====== Collected material ======

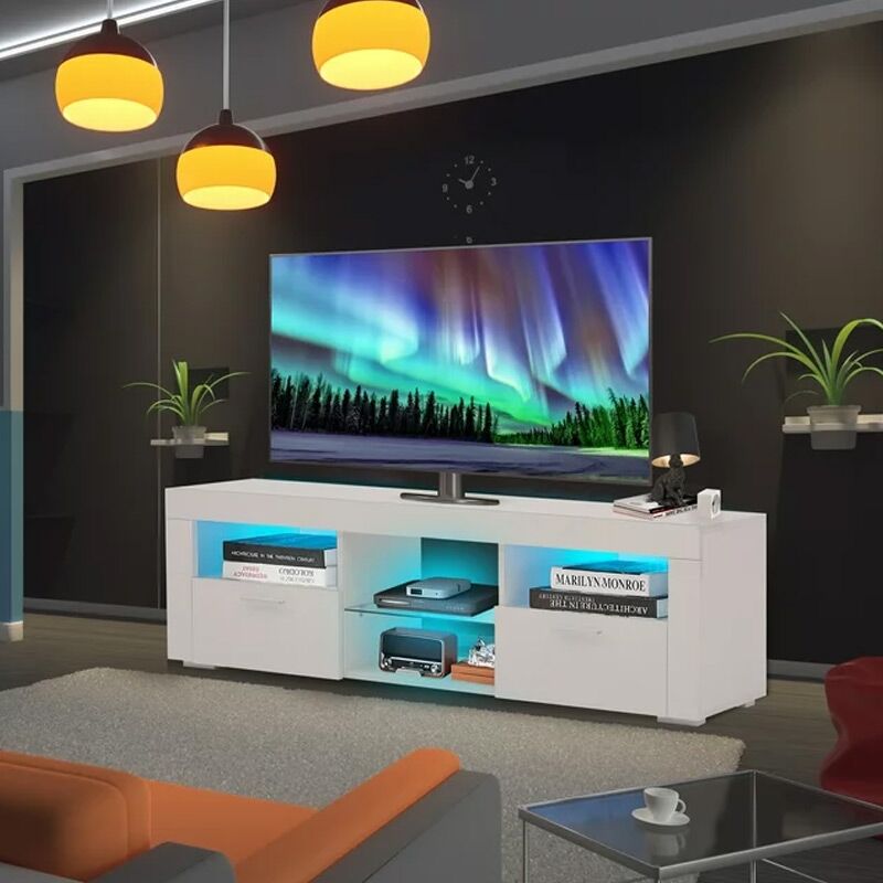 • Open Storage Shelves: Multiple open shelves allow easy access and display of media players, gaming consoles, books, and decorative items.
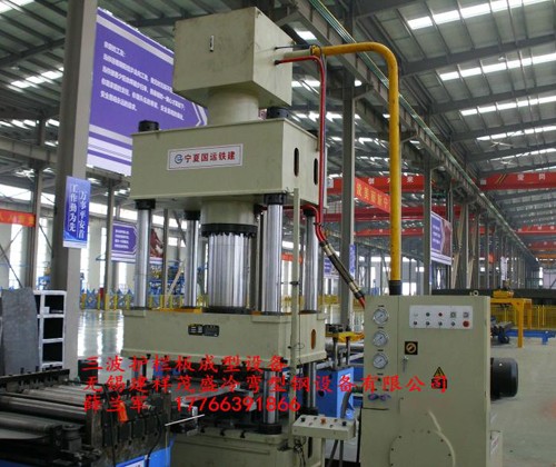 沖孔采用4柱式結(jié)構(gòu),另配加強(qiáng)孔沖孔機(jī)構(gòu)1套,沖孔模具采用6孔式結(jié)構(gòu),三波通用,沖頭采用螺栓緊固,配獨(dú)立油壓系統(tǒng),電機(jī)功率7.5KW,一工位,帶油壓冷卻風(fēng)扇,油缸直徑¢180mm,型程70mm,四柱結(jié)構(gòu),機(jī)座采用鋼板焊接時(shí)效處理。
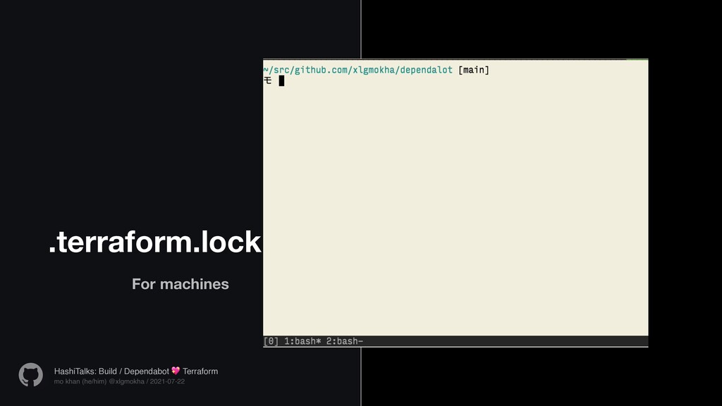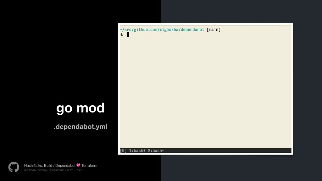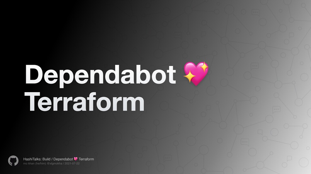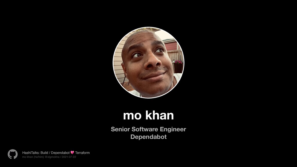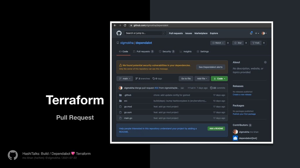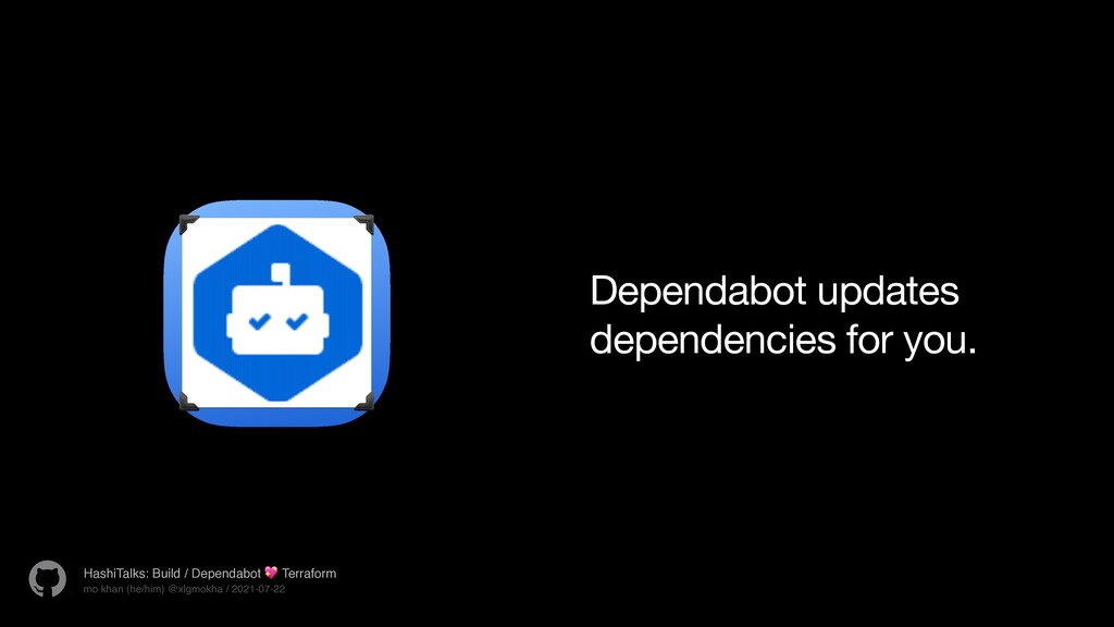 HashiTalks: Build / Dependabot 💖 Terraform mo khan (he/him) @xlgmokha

======

* Action item *
Transcribe exactly the lines above, running from the one that contains "沖孔采用4柱式結(jié)構" through the final line of the listing, and skip every picture.

* Solution to the problem *
 沖孔采用4柱式結(jié)構(gòu),另配加強(qiáng)孔沖孔機(jī)構(gòu)1套,沖孔模具采用6孔式結(jié)構(gòu),三波通用,沖頭采用螺栓緊固,配獨(dú)立油壓系統(tǒng),電機(jī)功率7.5KW,一工位,帶油壓冷卻風(fēng)扇,油缸直徑¢180mm,型程70mm,四柱結(jié)構(gòu),機(jī)座采用鋼板焊接時(shí)效處理。
 HashiTalks: Build / Dependabot 💖 Terraform mo khan (he/him) @xlgmokha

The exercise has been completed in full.